Markets appear to also like the stock, which has made investors 17.3% over the past 12 months, more than three times the FTSE All Share index, as the rise of artificial intelligence has boosted the firm.

Total return of RELX vs FTSE All Share over 1yr

Source: FE Analytics

However, Nelson said its revenues are “relatively defensive and predictable” as demand is not correlated with economic growth.

“The business enjoys a high level of diversification by both sector and geography,” he noted. “There is also a high level of recurrence: more than half of revenues are subscription-based and the remaining transactional revenues are in large part contracted on a multi-year basis, providing further visibility”.

 

SSE

Renewables firm SSE is the final UK stock selection. The utilities company provides electricity networks and works on developing renewable energy – a theme that has been popular in recent years as the world tries to move away from traditional oil and gas.

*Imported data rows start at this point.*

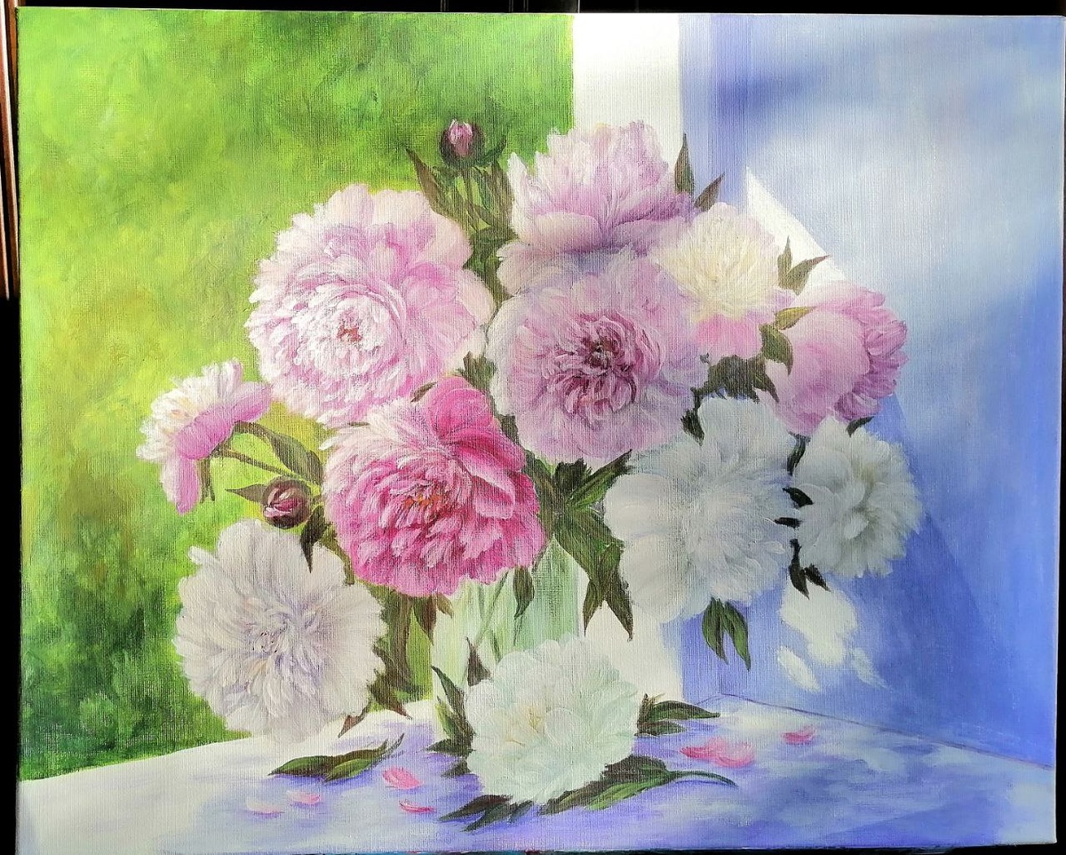 ! . У меня готова еще одна картина из курса Расцветай, школы А. Озеровой. . Акрил, 40х50см, холст на подрамнике. Цена 18000р. При бронировании предоплата 10%. . По всем вопросам в лс София Балушкина #букетпионов #картинаспионами #картинаакрилом #картинавподарок #точкиотсофико
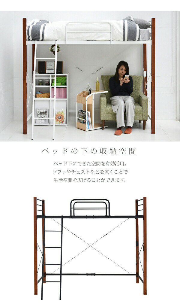天然木脚 ロフトベッド シングル パイプベッド ロフト 高さ 183 長さ 209 木製式ベッド 天然木 頑丈 丈夫 有効活用 新生活 インテリア 極太
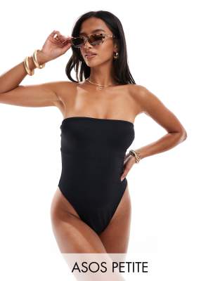 ASOS DESIGN Petite - Maillot 1 pièce épuré coupe bandeau - Noir
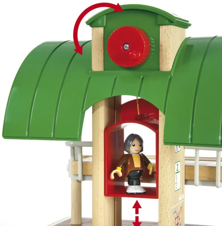 Connect one train to the other with this exciting Brio wooden railway, it’s double the fun. The Blue line train is motorized, taking passengers to the modern station with just the push of a button. Once at the 2 story station the passengers disembark and take the mechanical lift up and down with a simple turn of a crank. The free-wheeling Red line train can take passengers anywhere in the play set. Create multi-level layouts with the special train trestle, wooden track supports and rock outcroppings. There are two special mechanical switch tracks to help direct and stop the trains. The tree Brio characters are there to work in the station and ride the rails, just let your imagination determine the destination.
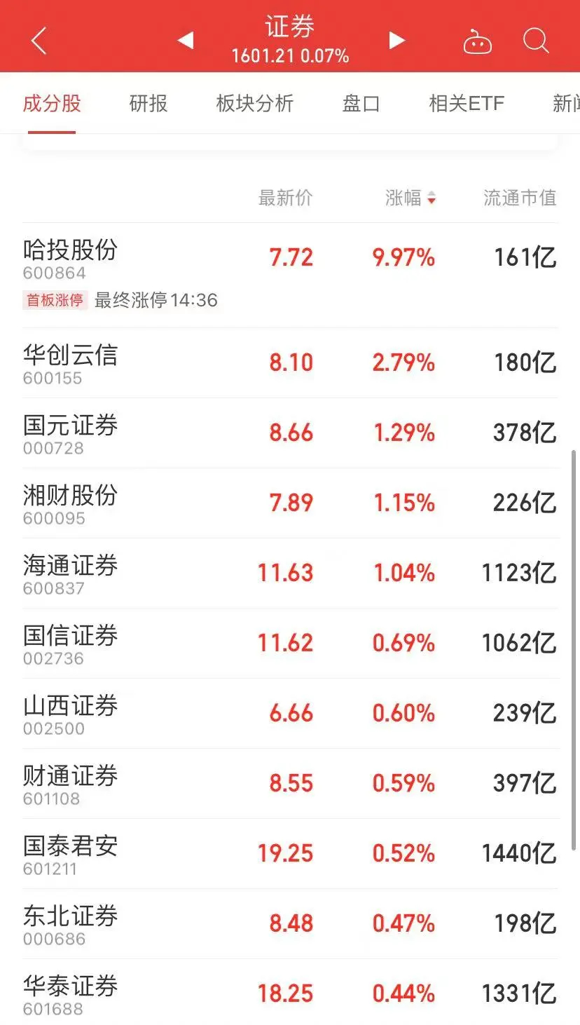 证券板块午后快速拉升,哈投股份涨超6%,国元证券、华创云信跟涨。
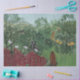 Ce dessin présente une peinture de l'artiste post-impressionniste français Henri Rousseau (1844-1910). Rousseau était connu sous le nom de "Le Douanier", qui signifie "l'agent des douanes", une description humoristique de son métier de percepteur de péages et d'impôts. Ce tableau présente un paysage tropical exotique. Il y a différents types de singes qui vivent dans la jungle et un serpent se cache dans l'herbe. La peinture originale a été achevée en 1910.
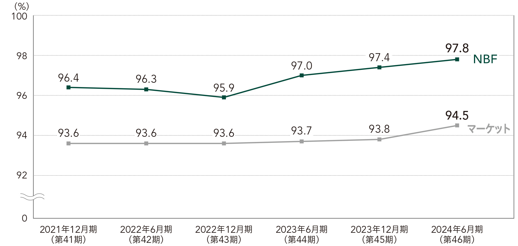 マーケット稼働率を上回り、NBFの期中平均稼働率は97.8%に改善
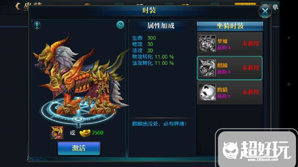 坐骑:坐骑战力的提升主要还是靠坐骑时装,55级的坐骑技能和60级以后的坐骑洗髓。时装的话第七天送梦魇,麒麟和熊猫就需要真金白银购买了。

Nelson said: “We see SSE shares as a play on the UK’s decarbonisation targets, with its core business activities forming two of the pillars on which the country’s net zero economy will be built.”

Shares have been under pressure in more recent times, however, as the price of oil and gas skyrocketed following Russia’s invasion of Ukraine and the general move away from environmental, social and governance (ESG) strategies that this has facilitated.

Total return of SSE vs FTSE All Share over 1yr

Source: FE Analytics

“While the renewables industry is facing short-term challenges from elevated costs relating to both higher interest rates and supply chain disruptions, we think that the networks business will prove extremely resilient in a challenging economic backdrop,” Nelson said.

“Energy networks are regulated monopolies and are a crucial piece of infrastructure, transporting energy around the country. Significant investment will be required in this infrastructure to connect renewable assets to the grid and to ensure that they are capable of providing consistent supply from more diverse and intermittent sources of generation.”